Fine-tuning Mistral to clone your Telegram persona
What this is
The question was simple: can I train a model to sound like me? Not a generic assistant, not a role-played persona — an actual model fine-tuned on how I write, the words I use, the rhythm of my messages.
The raw material was sitting in Telegram. Years of conversations, patterns, vocabulary. You2AgentAI is the pipeline I built to turn that into a fine-tuned Mistral 7B model.
Architecture
The project is structured as four sequential stages, each in its own directory with dedicated scripts:
You2AgentAI/
├── 1_Dataset/ → Export, filter, and format Telegram messages
├── 2_Tokenizer/ → Tokenize into model-ready format
├── 3_FineTuning/ → LoRA fine-tuning with Hugging Face Transformers
├── 4_Testing_agent/ → Interactive agent with GPU inference
└── config.ini → Central configuration
The key design decision: one config file (config.ini) controls everything — model name, dataset paths, LoRA hyperparameters, max sequence length. No scattered hardcoded values.
Step by step
1. Dataset preparation
Telegram lets you export your chat history as JSON. The dataset stage reads that JSON, filters messages by sender (only yours), cleans noise, and builds a JSONL file of prompt/response pairs.

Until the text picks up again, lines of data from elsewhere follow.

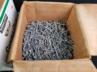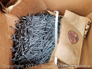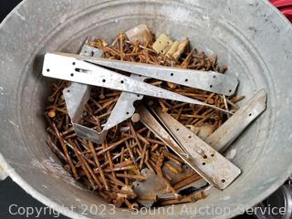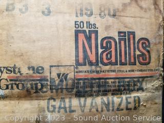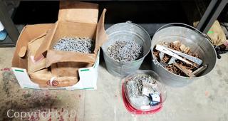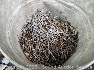 Lot Details: Various size nails, up to 3.5" long. 10" H x 11.5" dia & 9" H x 14" dia.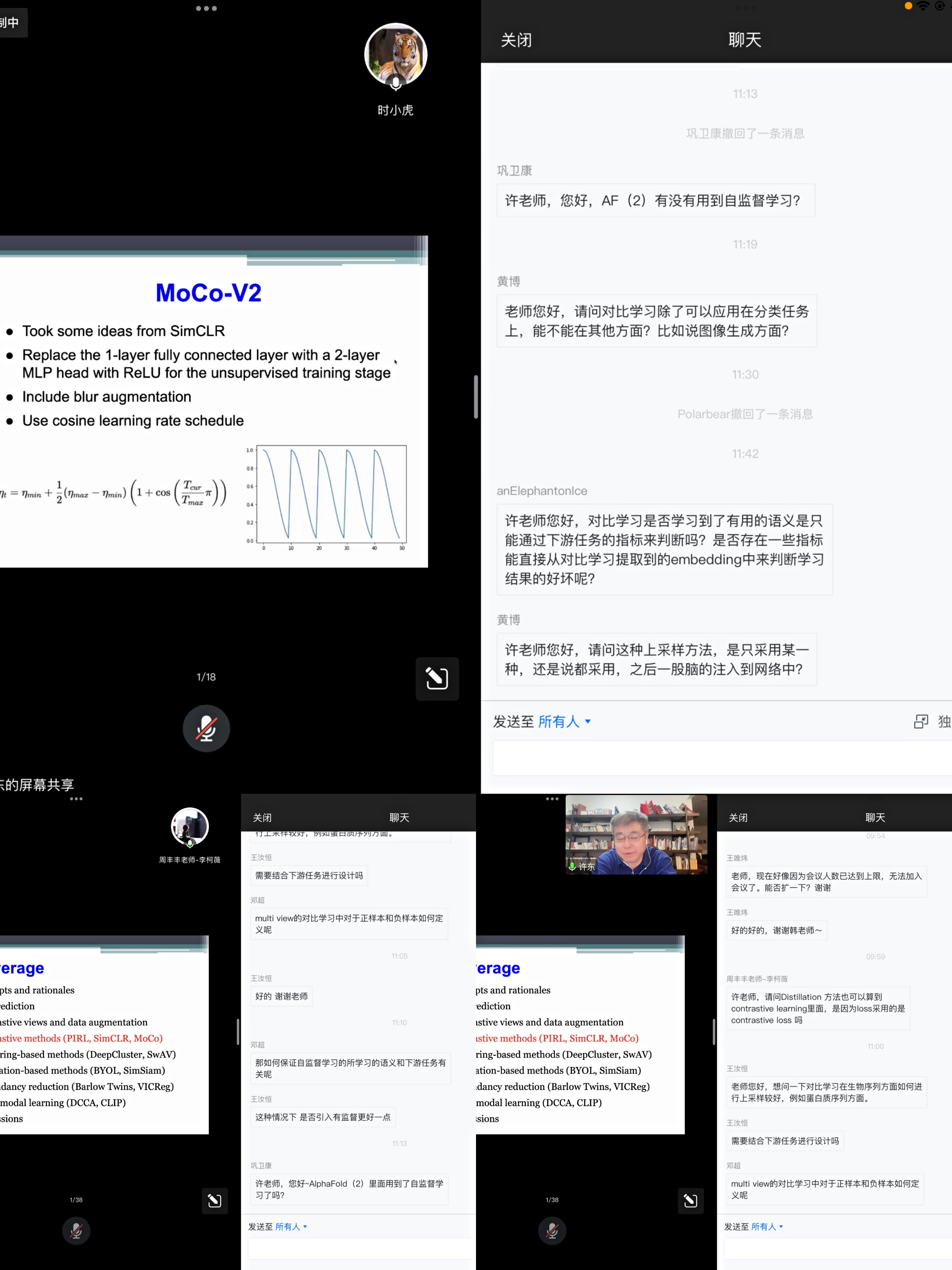 在报告的最后,许东教授给出了自监督学习与监督学习性能上直观的比较,说明了自监督学习更优的原因,从不同角度对现有的自监督学习的模型进行了分类并指出了未来自监督学习的发展方向以及目前所遇到的挑战。在讲座中及讲座后的讨论时间里,许东教授悉心回答了老师和同学们的问题。首日超过300位同学和老师参加了本次报告,并受到了我院师生的一致好评。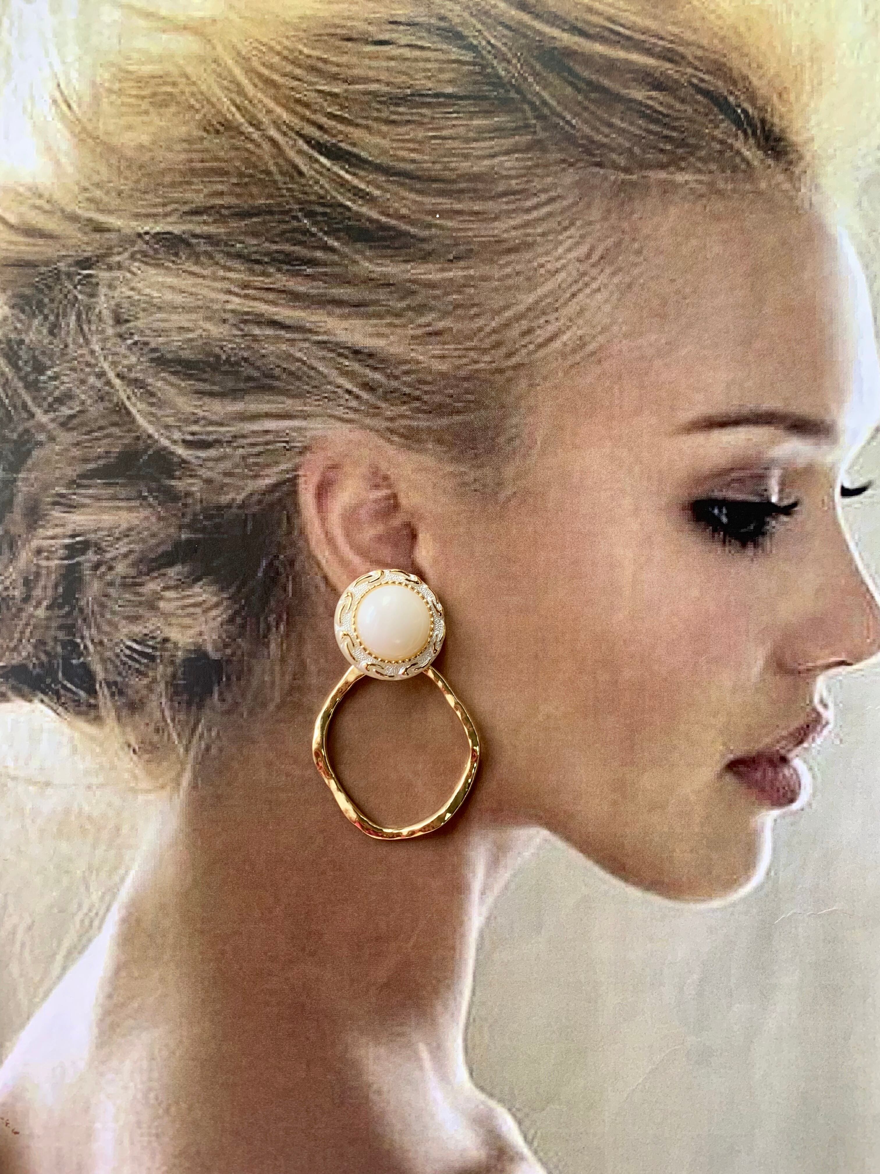【ピアスのみ*】アンティークホワイトボタンピアス C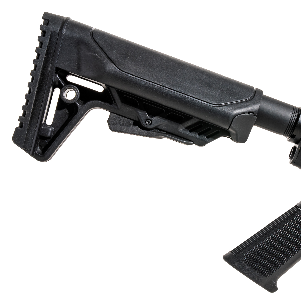 Included Is The Cobra Stock MK2 Which Features A Patented Locking System, Battery Storage Compartments And An Oversized Cheek Rest. The Cobra MK2 Is Easy To Install And Remove On The Any Mil-Spec Buffer Tube. The Butt-Pad Profile Is Angled To Accommodate Plate Carriers And The Aggressive Texturing Will Ensure Minimal Movement When Manipulating The Rifle Under Stress. Multiple Sling Points And Lightweight Snag-Free Construction The Cobra Fits Into Most Builds With Ease.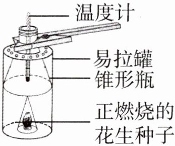 B. 实验时,要给锥形瓶加罩,让花生种子完全燃烧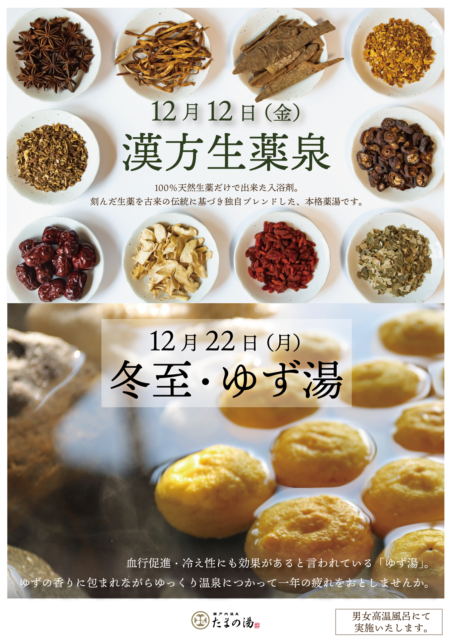 12月22日(月)は、冬至のゆず湯をお楽しみください。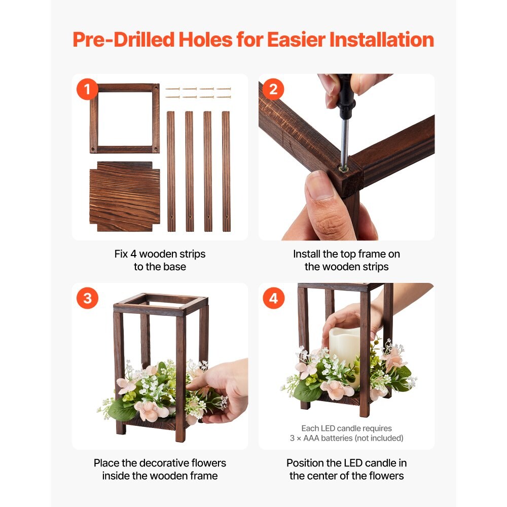 Wooden Wedding Lantern Centerpiece with LED Candle, Flower Wreath for Table Decor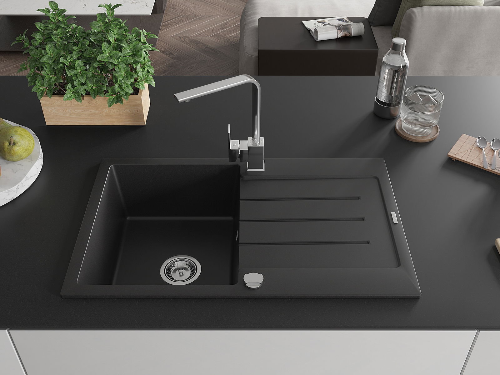 O lava-louças foi feito de granito de alta qualidade. É um complemento elegante e, acima de tudo, prático para qualquer cozinha, independentemente do seu estilo. A alta qualidade e durabilidade do granito garantem uma utilização de muitos anos.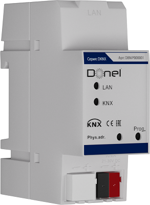 Donel DBNIP000001 В зависимости от выбора устройств управления Donel/KNX, вы можете управлять не только освещением или жалюзи, но и системами климатического контроля и развлекательными мультимедийными решениями. А с появлением новых устройств и решений, при необходимости, вы всегда можете дополнить систему. KNX IP – интерфейс • Служит интерфейсом связи между установками KNX и IP-сетями. • Для настройки, параметризации и ввода в эксплуатацию установки KNX, а также группового мониторинга через локальную сеть с помощью программного обеспечения ETS (ETS5 или более поздней версии) . • IP-адрес устройства может быть фиксированным или получено автоматически черезDHCP . • Поддержка телеграммы UDP/TCP и номера порта 3671 • Поддержка обновления устройства через сеть. • Поддержка протокола KNX Secure (KNXnet/IP Security). • Поддержка 5 клиентов. • Заводской физический адрес по умолчанию: 15.15.254 • Заводской IP-адрес по умолчанию: 192.168.2.200, маска подсети: 255.255.255.0, шлюз по умолчанию: 192.168.2.1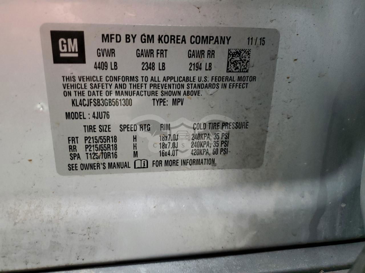 • VIN: KL4CJFSB3GB561300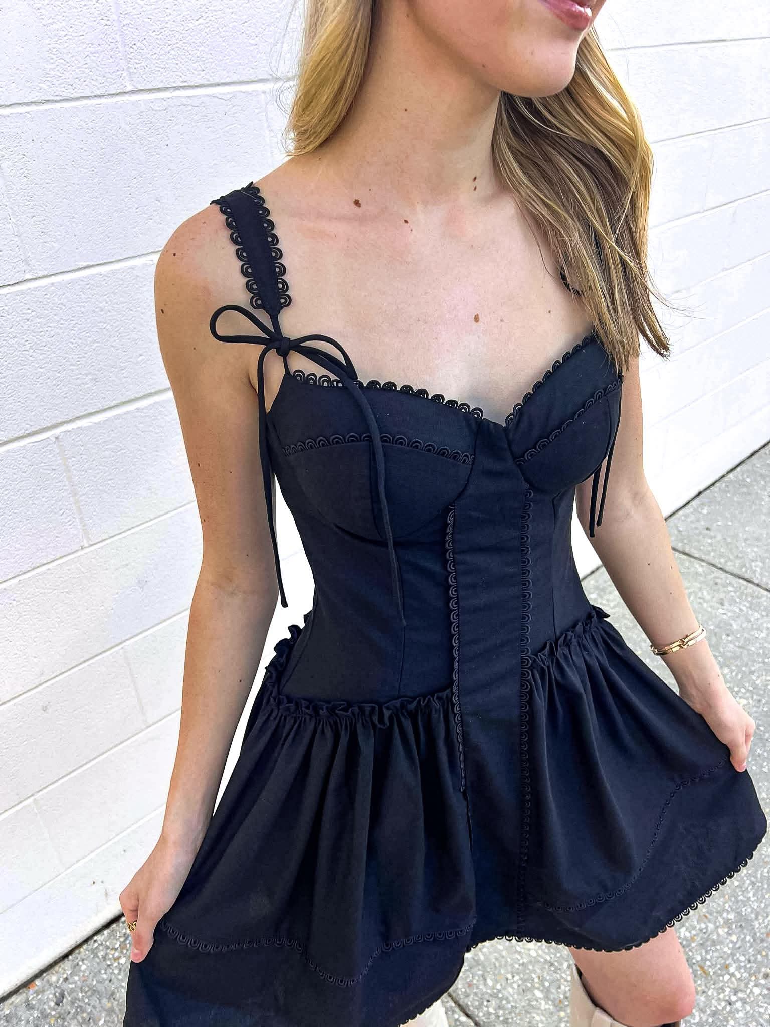 Step out in style with our Darling Love Black Dress! This scallop dress features a classic black color and includes comfortable pads for a perfect fit. Make a statement and turn heads wherever you go. Perfect for any occasion, this dress will have you feeling confident and chic.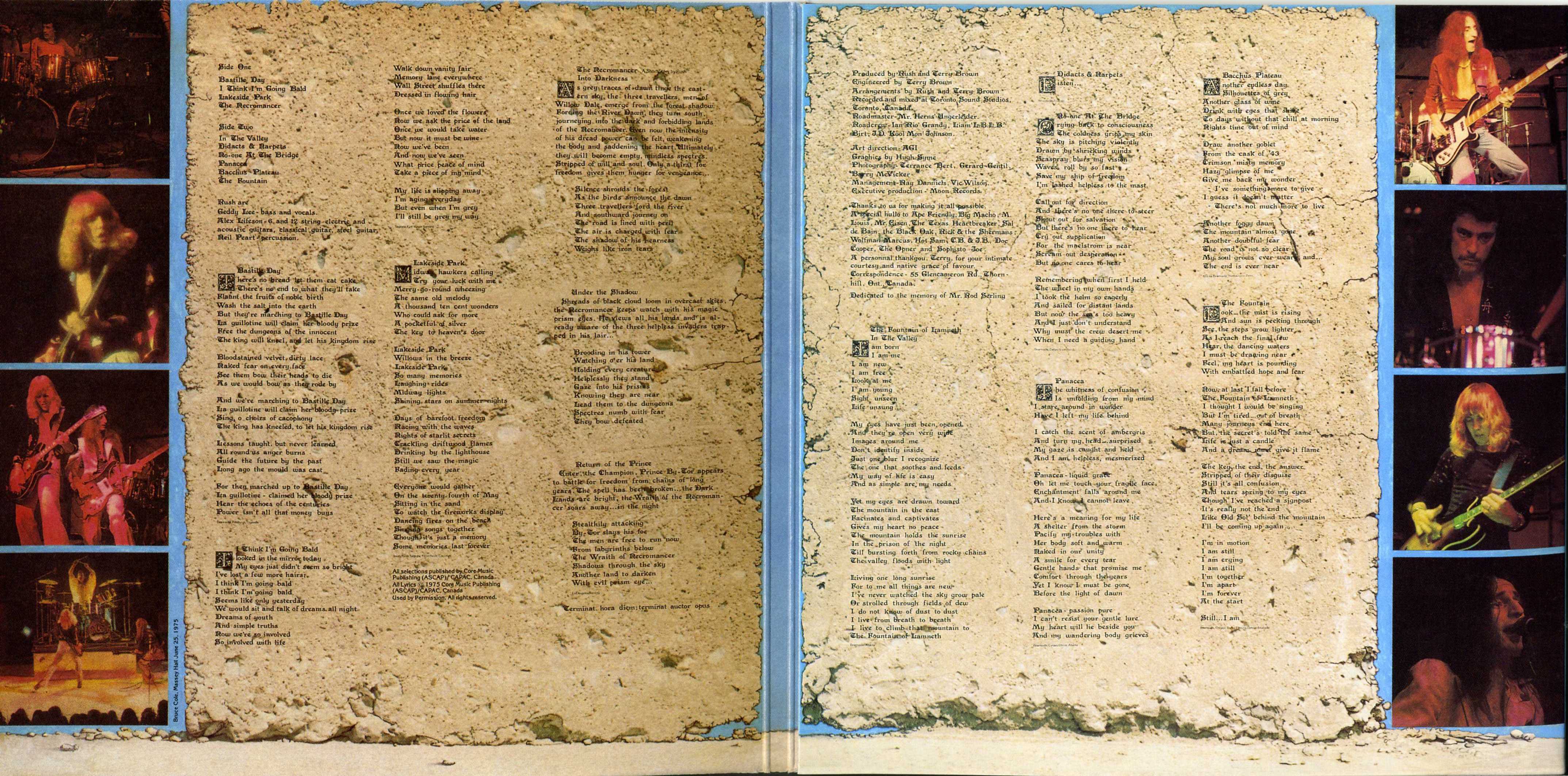 Na parte interna da capa, estão impressas as letras e uma sequencia de fotos capturadas no show de encerramento da turnê anterior no Massey Hall, em Toronto em 26 de Julho de 1975.

The format I used for training pairs:
{"instruction": "<previous message in conversation>", "response": "<your reply>"}
The filter logic is worth mentioning: very short messages (under 3 words), pure media, and forwarded content are excluded — they add noise without signal.
2. Tokenization
The tokenizer stage converts the JSONL into the token format Mistral expects, applying the chat template:
from transformers import AutoTokenizer
tokenizer = AutoTokenizer.from_pretrained(model_name)
tokenizer.pad_token = tokenizer.eos_token
Output: a serialized dataset Hugging Face’s Trainer can consume directly.
3. Fine-tuning with LoRA
This is the core. Instead of full fine-tuning (which would require 40GB+ of VRAM), LoRA (Low-Rank Adaptation) injects small trainable matrices into the attention layers. The base model weights stay frozen.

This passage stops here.